Exactly what is written in the records below should be returned, minus the images.

(Stored data entries)
=== Begin Enclosure ===

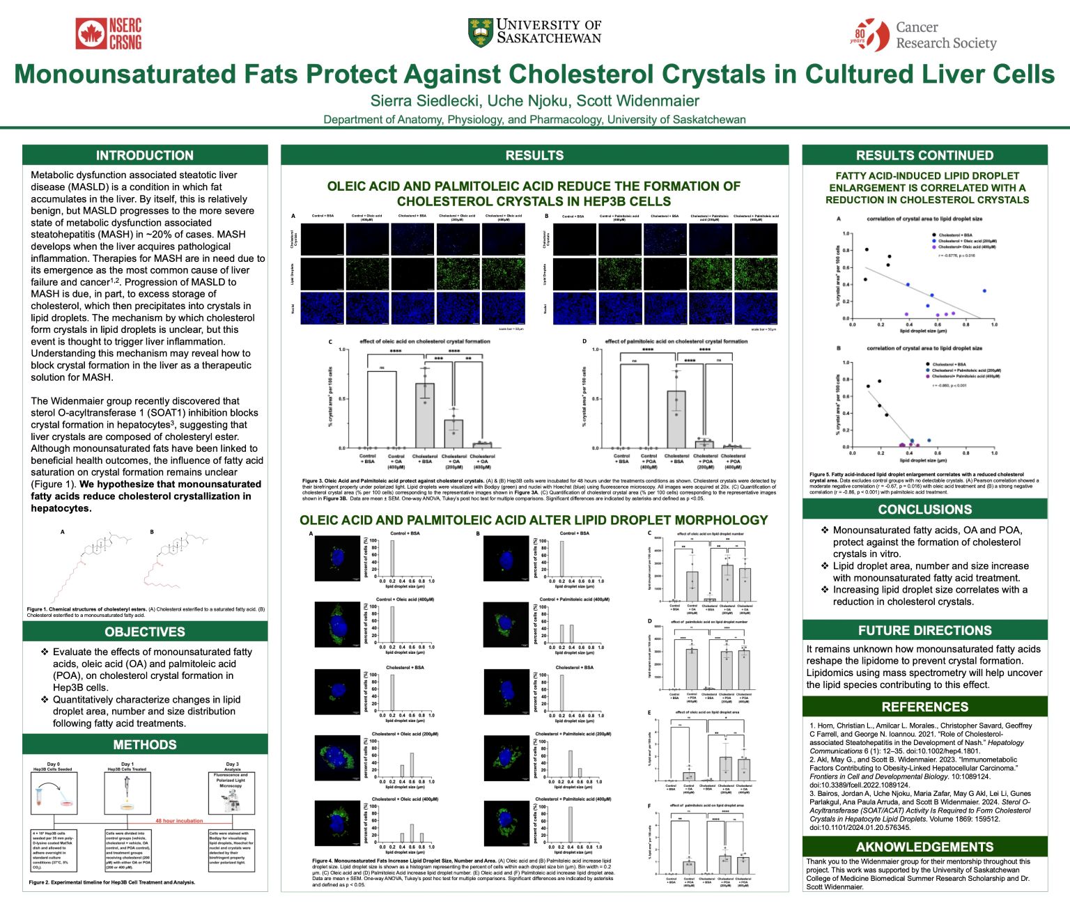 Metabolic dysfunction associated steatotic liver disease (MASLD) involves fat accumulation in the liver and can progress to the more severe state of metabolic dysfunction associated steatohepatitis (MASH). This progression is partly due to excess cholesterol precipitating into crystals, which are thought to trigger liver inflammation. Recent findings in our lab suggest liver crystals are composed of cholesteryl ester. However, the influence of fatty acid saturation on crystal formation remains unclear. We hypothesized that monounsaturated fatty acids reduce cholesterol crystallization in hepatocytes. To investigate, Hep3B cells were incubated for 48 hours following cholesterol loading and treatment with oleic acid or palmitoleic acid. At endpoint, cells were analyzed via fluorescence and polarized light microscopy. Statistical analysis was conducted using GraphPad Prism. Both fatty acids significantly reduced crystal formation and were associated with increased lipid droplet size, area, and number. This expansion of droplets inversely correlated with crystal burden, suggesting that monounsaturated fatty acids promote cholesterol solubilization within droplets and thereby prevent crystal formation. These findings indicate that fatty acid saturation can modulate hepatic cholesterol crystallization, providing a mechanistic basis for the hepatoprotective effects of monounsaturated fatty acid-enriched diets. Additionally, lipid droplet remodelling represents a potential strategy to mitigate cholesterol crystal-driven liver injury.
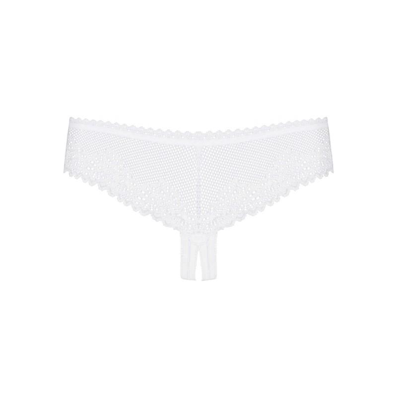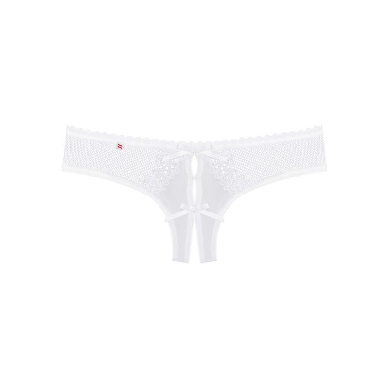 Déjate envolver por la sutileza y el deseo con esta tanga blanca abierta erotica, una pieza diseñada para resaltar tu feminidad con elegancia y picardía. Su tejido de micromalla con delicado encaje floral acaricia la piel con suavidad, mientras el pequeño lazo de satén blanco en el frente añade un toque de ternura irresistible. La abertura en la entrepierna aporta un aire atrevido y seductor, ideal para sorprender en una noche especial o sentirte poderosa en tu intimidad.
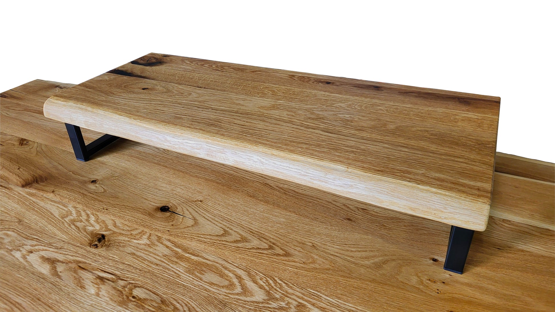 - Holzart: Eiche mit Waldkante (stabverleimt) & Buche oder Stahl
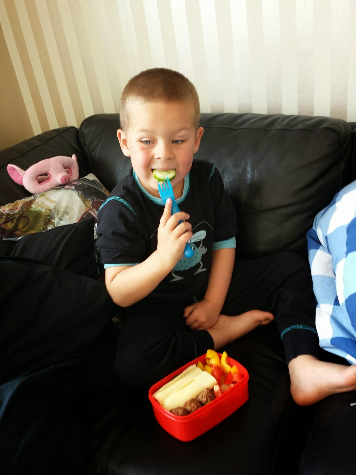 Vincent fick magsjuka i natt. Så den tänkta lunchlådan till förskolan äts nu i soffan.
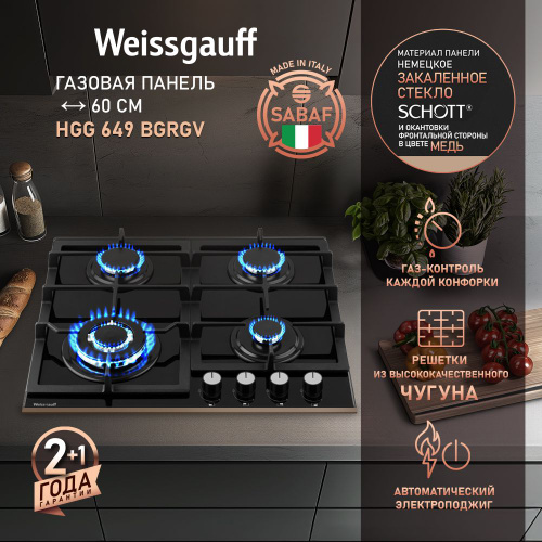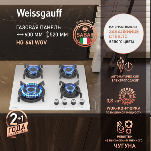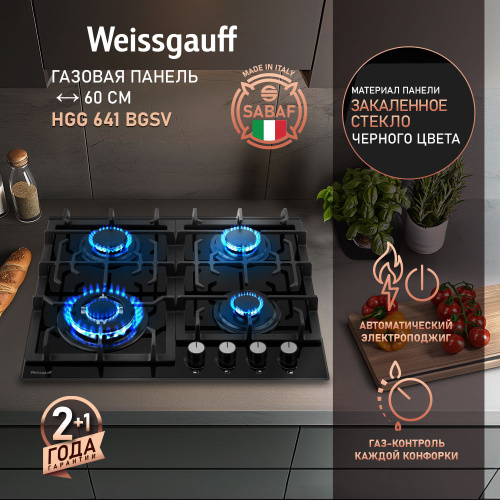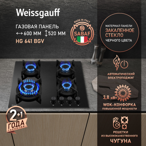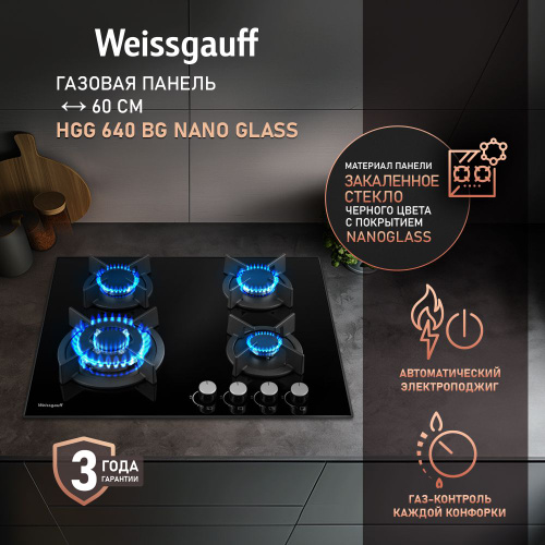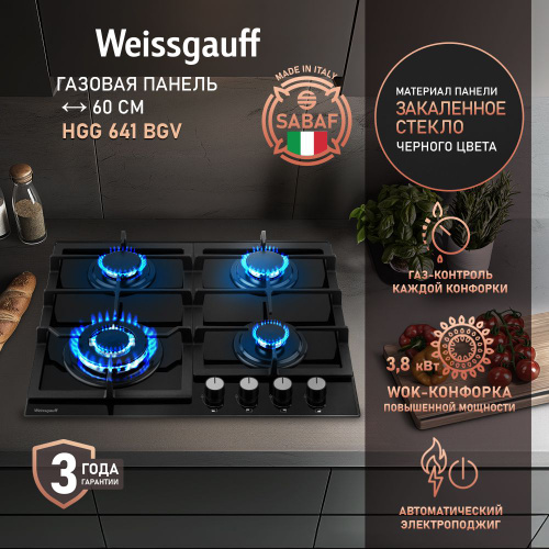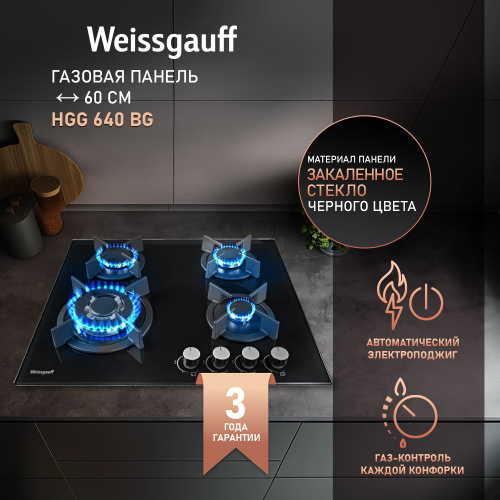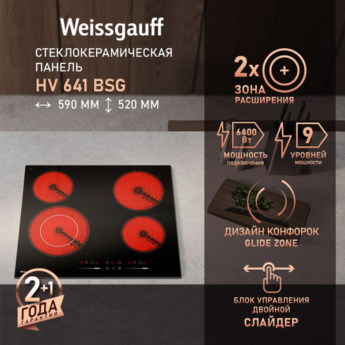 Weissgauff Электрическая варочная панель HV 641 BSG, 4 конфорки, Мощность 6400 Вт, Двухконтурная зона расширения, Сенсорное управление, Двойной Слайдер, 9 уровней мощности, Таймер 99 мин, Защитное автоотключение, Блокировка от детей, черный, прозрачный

=== End Enclosure ===

- Written response:
 Metabolic dysfunction associated steatotic liver disease (MASLD) involves fat accumulation in the liver and can progress to the more severe state of metabolic dysfunction associated steatohepatitis (MASH). This progression is partly due to excess cholesterol precipitating into crystals, which are thought to trigger liver inflammation. Recent findings in our lab suggest liver crystals are composed of cholesteryl ester. However, the influence of fatty acid saturation on crystal formation remains unclear. We hypothesized that monounsaturated fatty acids reduce cholesterol crystallization in hepatocytes. To investigate, Hep3B cells were incubated for 48 hours following cholesterol loading and treatment with oleic acid or palmitoleic acid. At endpoint, cells were analyzed via fluorescence and polarized light microscopy. Statistical analysis was conducted using GraphPad Prism. Both fatty acids significantly reduced crystal formation and were associated with increased lipid droplet size, area, and number. This expansion of droplets inversely correlated with crystal burden, suggesting that monounsaturated fatty acids promote cholesterol solubilization within droplets and thereby prevent crystal formation. These findings indicate that fatty acid saturation can modulate hepatic cholesterol crystallization, providing a mechanistic basis for the hepatoprotective effects of monounsaturated fatty acid-enriched diets. Additionally, lipid droplet remodelling represents a potential strategy to mitigate cholesterol crystal-driven liver injury.
 Déjate envolver por la sutileza y el deseo con esta tanga blanca abierta erotica, una pieza diseñada para resaltar tu feminidad con elegancia y picardía. Su tejido de micromalla con delicado encaje floral acaricia la piel con suavidad, mientras el pequeño lazo de satén blanco en el frente añade un toque de ternura irresistible. La abertura en la entrepierna aporta un aire atrevido y seductor, ideal para sorprender en una noche especial o sentirte poderosa en tu intimidad.
 - Holzart: Eiche mit Waldkante (stabverleimt) & Buche oder Stahl
 Vincent fick magsjuka i natt. Så den tänkta lunchlådan till förskolan äts nu i soffan.
 Weissgauff Электрическая варочная панель HV 641 BSG, 4 конфорки, Мощность 6400 Вт, Двухконтурная зона расширения, Сенсорное управление, Двойной Слайдер, 9 уровней мощности, Таймер 99 мин, Защитное автоотключение, Блокировка от детей, черный, прозрачный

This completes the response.